[Exercise description] Lower down are entries containing pictures. Copy exactly, without those pictures, the lines from the line with "精英知了新加坡预科课程中心是" through the line with "Це ведмеді Потап".

*** Data provided

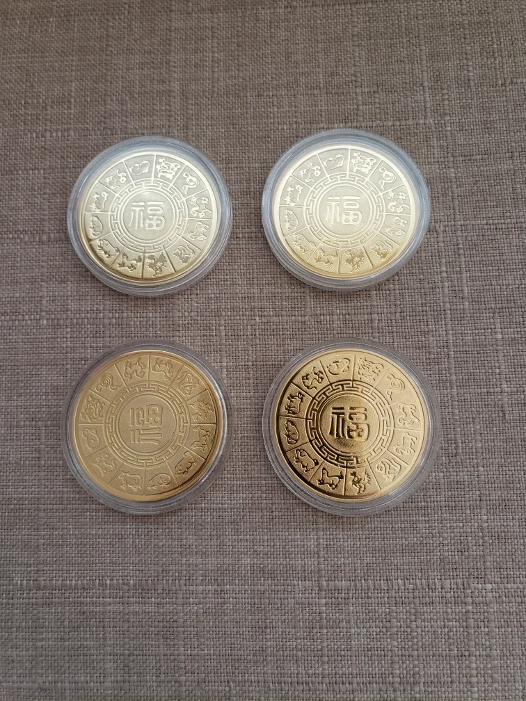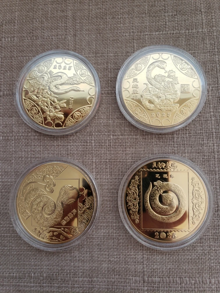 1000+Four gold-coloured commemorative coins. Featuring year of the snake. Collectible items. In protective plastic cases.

******
*** Data provided

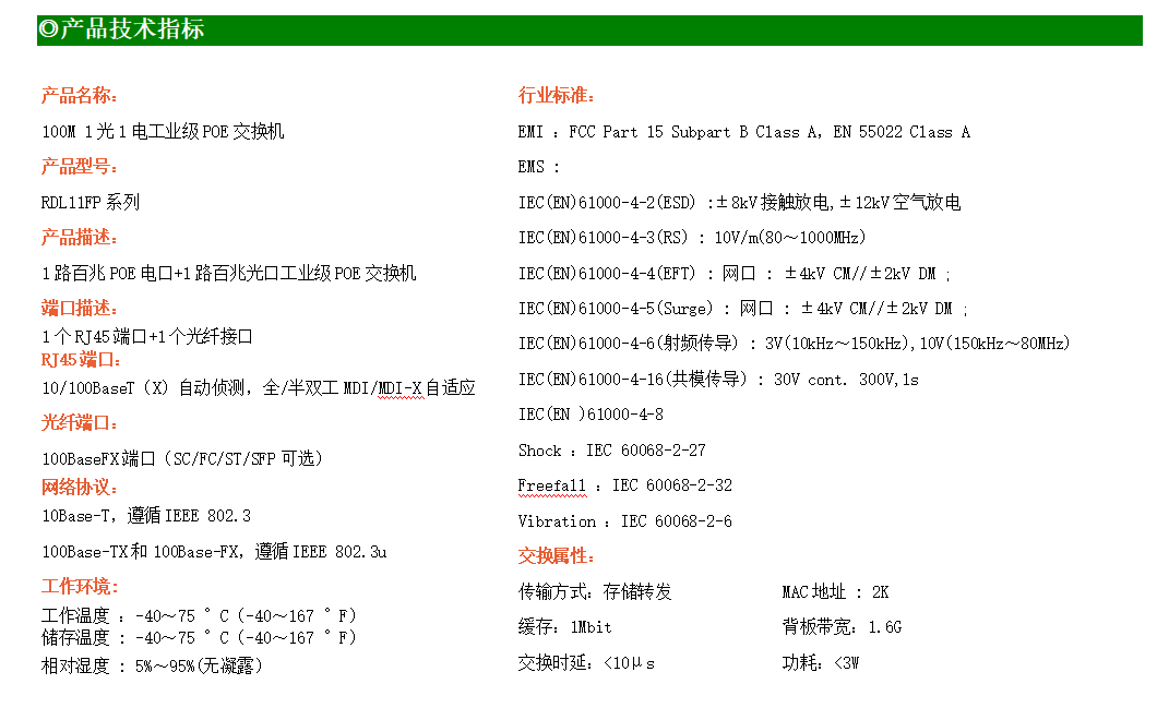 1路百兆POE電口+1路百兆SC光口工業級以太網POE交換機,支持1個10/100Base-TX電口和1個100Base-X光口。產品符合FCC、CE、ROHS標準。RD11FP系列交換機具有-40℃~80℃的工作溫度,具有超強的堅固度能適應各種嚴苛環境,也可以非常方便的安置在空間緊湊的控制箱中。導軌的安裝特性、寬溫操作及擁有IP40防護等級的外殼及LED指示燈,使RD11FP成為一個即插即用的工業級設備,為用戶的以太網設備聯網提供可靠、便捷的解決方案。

******
*** Data provided

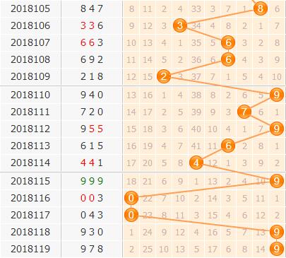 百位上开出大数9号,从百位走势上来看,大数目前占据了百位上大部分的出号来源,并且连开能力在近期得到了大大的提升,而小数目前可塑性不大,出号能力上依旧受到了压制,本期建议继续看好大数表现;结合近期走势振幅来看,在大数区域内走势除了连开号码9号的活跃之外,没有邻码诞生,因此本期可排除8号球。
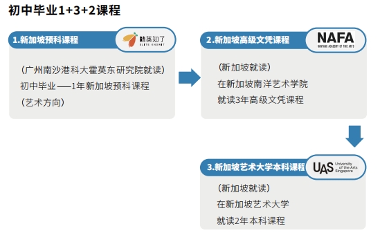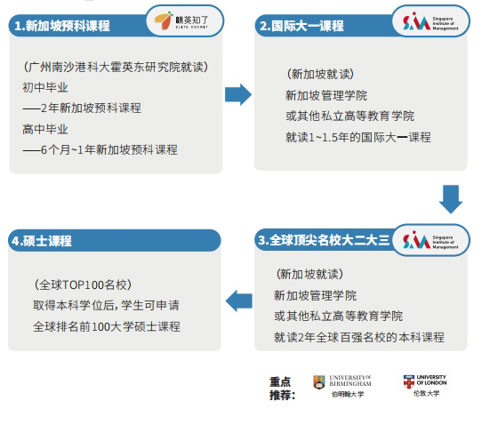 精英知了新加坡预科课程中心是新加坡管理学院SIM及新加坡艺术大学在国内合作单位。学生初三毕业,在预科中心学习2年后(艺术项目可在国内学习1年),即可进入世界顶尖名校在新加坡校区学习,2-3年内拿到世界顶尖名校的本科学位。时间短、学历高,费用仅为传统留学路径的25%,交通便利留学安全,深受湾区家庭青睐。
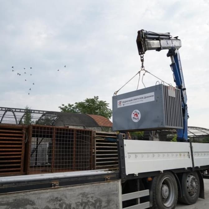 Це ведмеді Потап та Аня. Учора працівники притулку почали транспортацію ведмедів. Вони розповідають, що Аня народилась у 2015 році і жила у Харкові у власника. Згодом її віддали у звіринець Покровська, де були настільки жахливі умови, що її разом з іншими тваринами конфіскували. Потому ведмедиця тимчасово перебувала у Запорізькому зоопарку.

******

[Exercise answer]
 精英知了新加坡预科课程中心是新加坡管理学院SIM及新加坡艺术大学在国内合作单位。学生初三毕业,在预科中心学习2年后(艺术项目可在国内学习1年),即可进入世界顶尖名校在新加坡校区学习,2-3年内拿到世界顶尖名校的本科学位。时间短、学历高,费用仅为传统留学路径的25%,交通便利留学安全,深受湾区家庭青睐。
 Це ведмеді Потап та Аня. Учора працівники притулку почали транспортацію ведмедів. Вони розповідають, що Аня народилась у 2015 році і жила у Харкові у власника. Згодом її віддали у звіринець Покровська, де були настільки жахливі умови, що її разом з іншими тваринами конфіскували. Потому ведмедиця тимчасово перебувала у Запорізькому зоопарку.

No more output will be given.